== REQUIRED WORK ==
Copy out the data below from the line containing "在这里我们选择刚才的线刷包的" to the line containing "Men's Sweatpants Tear", both lines included, with all images left out.

== DATA UNDER STUDY ==
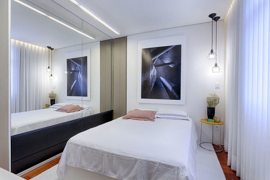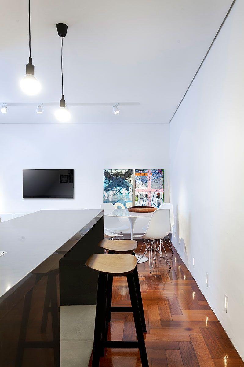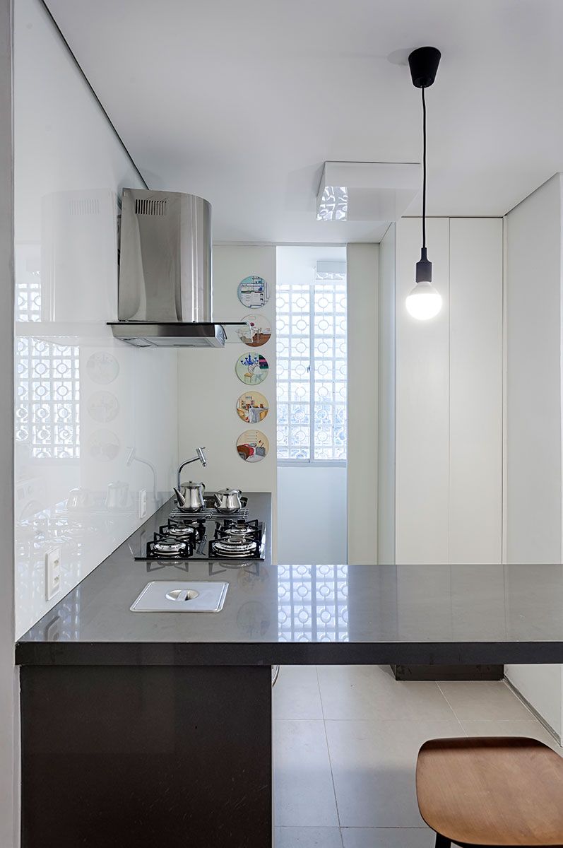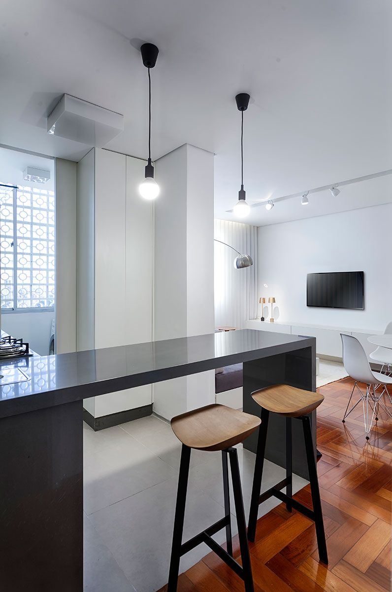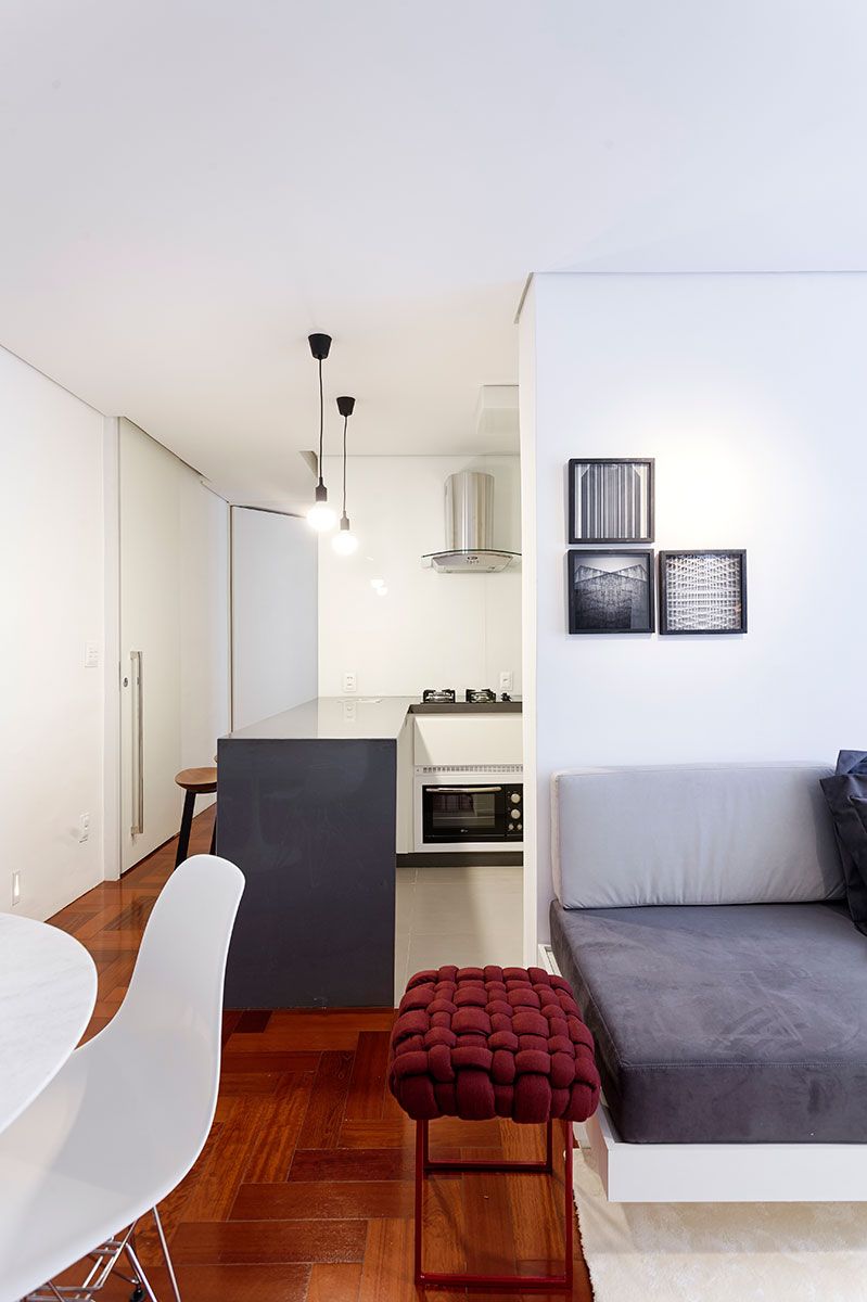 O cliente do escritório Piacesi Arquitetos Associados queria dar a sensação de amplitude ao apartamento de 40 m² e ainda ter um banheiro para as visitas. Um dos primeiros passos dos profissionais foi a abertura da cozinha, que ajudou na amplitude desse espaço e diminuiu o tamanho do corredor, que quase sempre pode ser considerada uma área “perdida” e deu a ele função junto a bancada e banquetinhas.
...
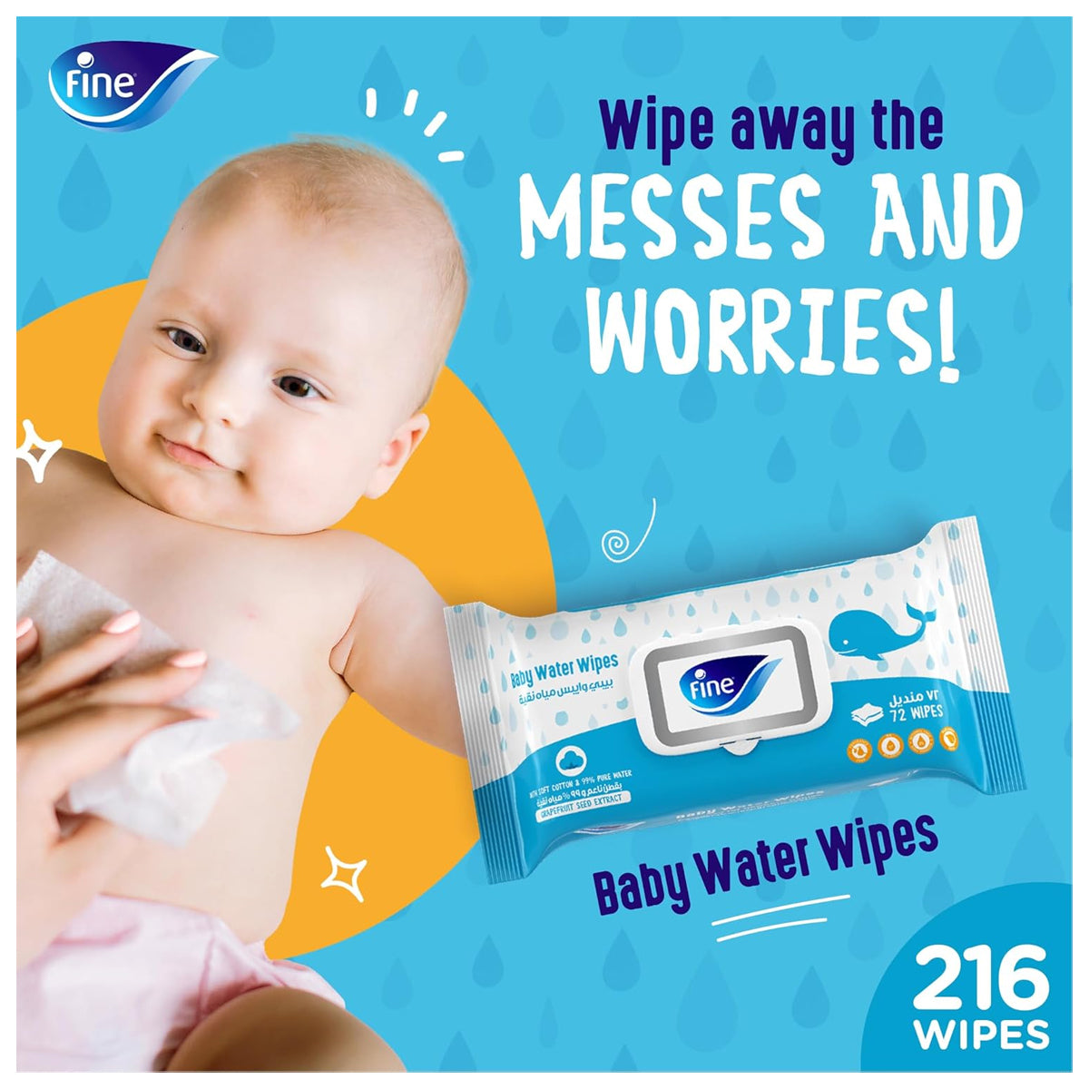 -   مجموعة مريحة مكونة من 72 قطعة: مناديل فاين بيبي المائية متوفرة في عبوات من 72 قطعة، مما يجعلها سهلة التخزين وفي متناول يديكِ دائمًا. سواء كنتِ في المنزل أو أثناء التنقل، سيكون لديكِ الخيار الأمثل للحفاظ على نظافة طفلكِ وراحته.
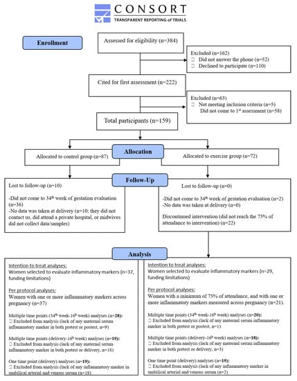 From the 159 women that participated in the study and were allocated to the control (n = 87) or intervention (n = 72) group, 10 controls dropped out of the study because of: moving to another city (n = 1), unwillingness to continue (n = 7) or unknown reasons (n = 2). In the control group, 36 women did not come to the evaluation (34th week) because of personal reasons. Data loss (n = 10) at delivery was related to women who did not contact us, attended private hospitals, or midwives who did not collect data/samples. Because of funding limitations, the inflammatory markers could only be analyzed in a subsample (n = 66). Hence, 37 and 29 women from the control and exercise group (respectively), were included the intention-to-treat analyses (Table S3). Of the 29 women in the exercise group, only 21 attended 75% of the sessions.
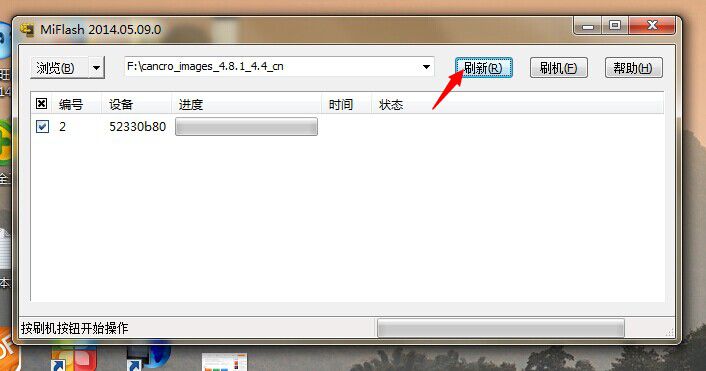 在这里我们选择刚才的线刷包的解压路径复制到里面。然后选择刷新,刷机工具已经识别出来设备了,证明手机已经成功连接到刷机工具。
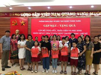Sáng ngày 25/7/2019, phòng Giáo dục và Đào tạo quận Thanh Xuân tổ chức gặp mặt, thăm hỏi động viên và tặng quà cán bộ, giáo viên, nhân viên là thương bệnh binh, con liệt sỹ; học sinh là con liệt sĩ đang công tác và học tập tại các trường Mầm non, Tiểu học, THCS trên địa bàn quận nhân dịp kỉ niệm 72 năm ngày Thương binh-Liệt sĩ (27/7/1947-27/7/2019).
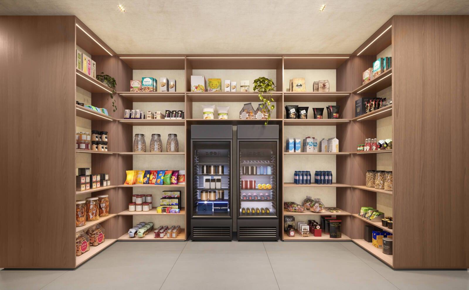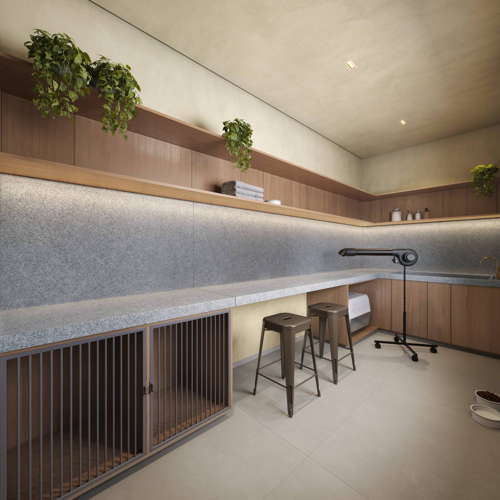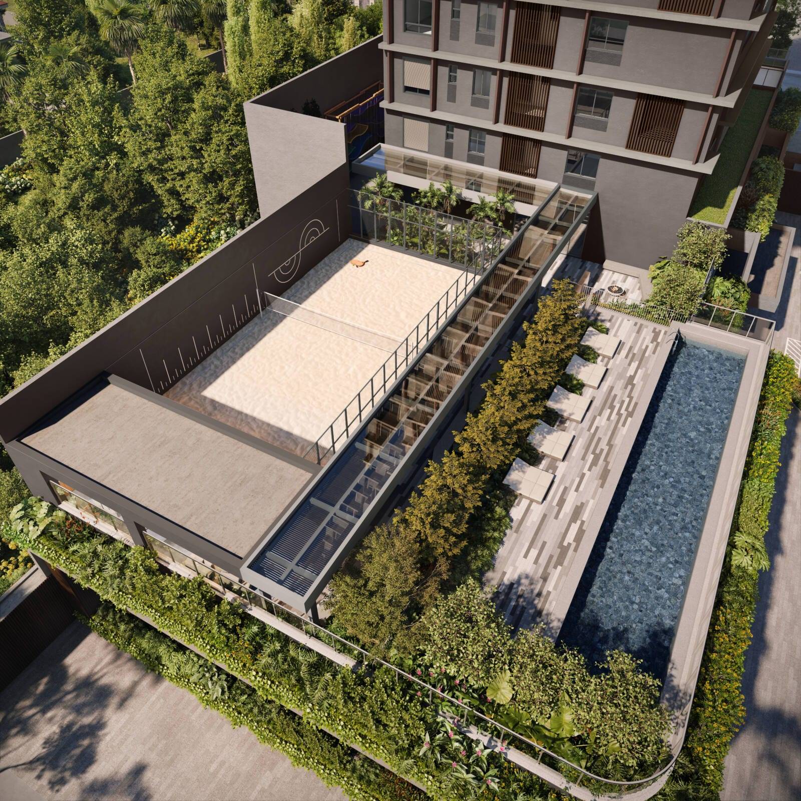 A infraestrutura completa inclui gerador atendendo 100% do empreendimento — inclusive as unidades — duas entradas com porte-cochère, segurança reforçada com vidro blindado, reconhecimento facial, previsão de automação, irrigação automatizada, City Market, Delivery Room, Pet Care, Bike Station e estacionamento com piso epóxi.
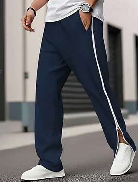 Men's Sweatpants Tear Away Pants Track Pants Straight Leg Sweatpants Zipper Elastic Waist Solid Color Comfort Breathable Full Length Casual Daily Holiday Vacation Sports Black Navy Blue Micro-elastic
* * *
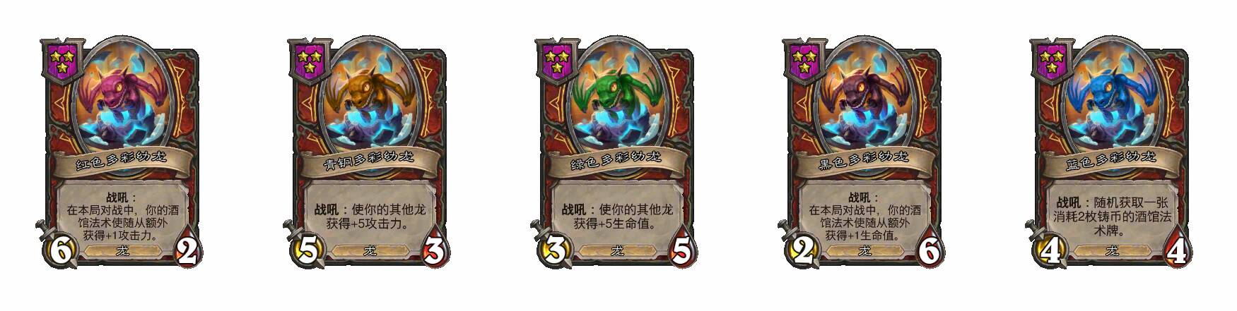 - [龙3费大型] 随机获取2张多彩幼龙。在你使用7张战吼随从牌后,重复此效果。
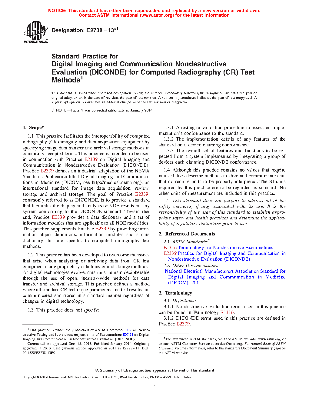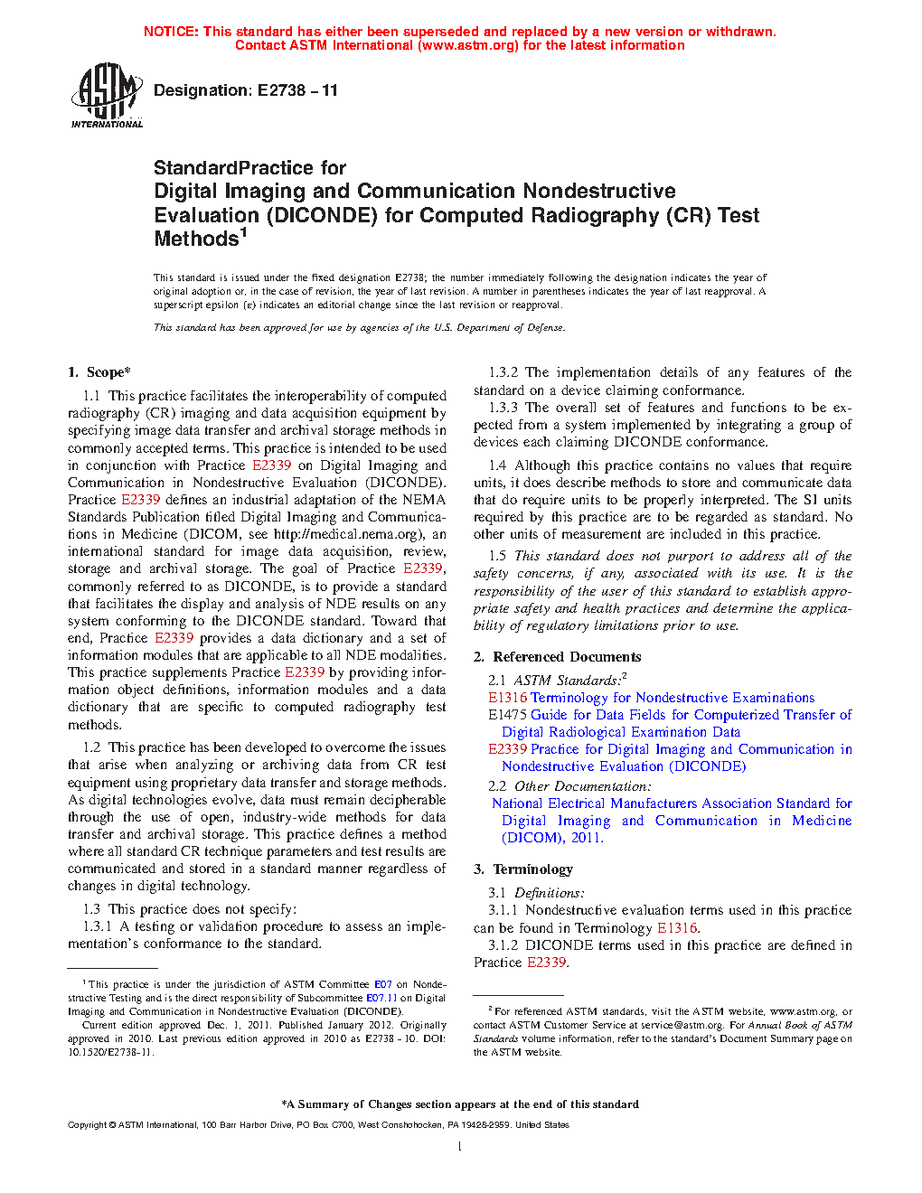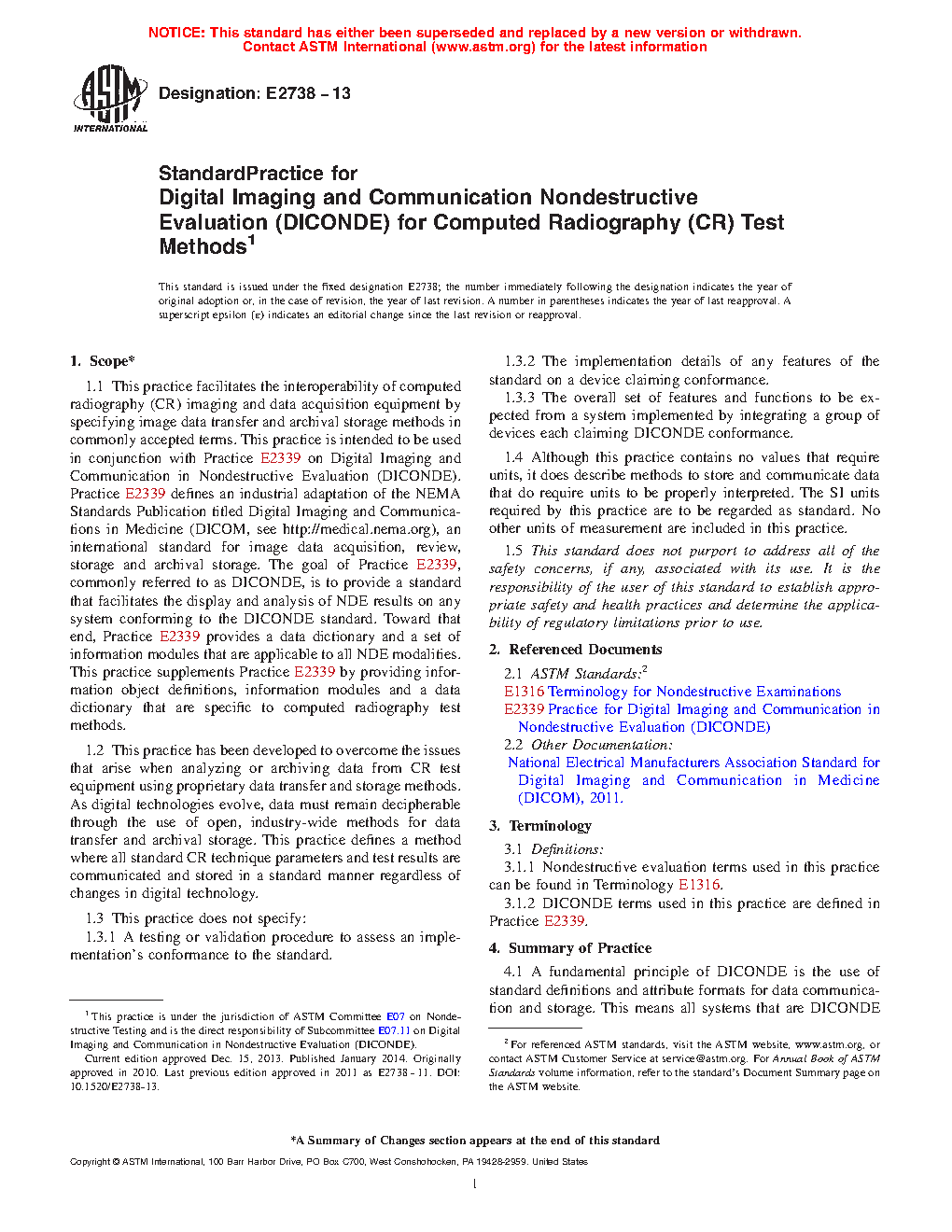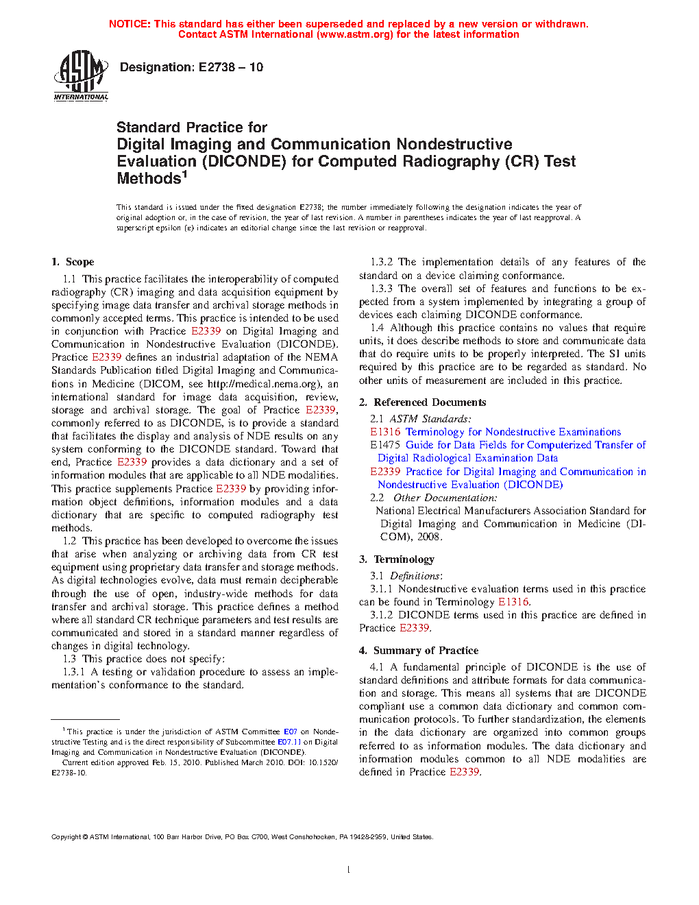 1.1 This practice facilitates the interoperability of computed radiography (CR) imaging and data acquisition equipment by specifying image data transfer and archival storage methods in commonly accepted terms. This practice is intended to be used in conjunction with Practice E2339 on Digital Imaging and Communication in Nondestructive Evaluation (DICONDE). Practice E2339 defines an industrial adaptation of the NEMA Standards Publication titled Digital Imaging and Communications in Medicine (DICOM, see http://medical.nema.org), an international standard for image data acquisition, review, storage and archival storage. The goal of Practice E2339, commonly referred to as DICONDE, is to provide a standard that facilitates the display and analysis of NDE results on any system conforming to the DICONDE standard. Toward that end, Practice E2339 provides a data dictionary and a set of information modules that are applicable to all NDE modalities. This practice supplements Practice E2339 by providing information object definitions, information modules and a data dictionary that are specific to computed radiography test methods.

== ANSWER TO THIS PROBLEM ==
 在这里我们选择刚才的线刷包的解压路径复制到里面。然后选择刷新,刷机工具已经识别出来设备了,证明手机已经成功连接到刷机工具。
Sáng ngày 25/7/2019, phòng Giáo dục và Đào tạo quận Thanh Xuân tổ chức gặp mặt, thăm hỏi động viên và tặng quà cán bộ, giáo viên, nhân viên là thương bệnh binh, con liệt sỹ; học sinh là con liệt sĩ đang công tác và học tập tại các trường Mầm non, Tiểu học, THCS trên địa bàn quận nhân dịp kỉ niệm 72 năm ngày Thương binh-Liệt sĩ (27/7/1947-27/7/2019).
 A infraestrutura completa inclui gerador atendendo 100% do empreendimento — inclusive as unidades — duas entradas com porte-cochère, segurança reforçada com vidro blindado, reconhecimento facial, previsão de automação, irrigação automatizada, City Market, Delivery Room, Pet Care, Bike Station e estacionamento com piso epóxi.
 Men's Sweatpants Tear Away Pants Track Pants Straight Leg Sweatpants Zipper Elastic Waist Solid Color Comfort Breathable Full Length Casual Daily Holiday Vacation Sports Black Navy Blue Micro-elastic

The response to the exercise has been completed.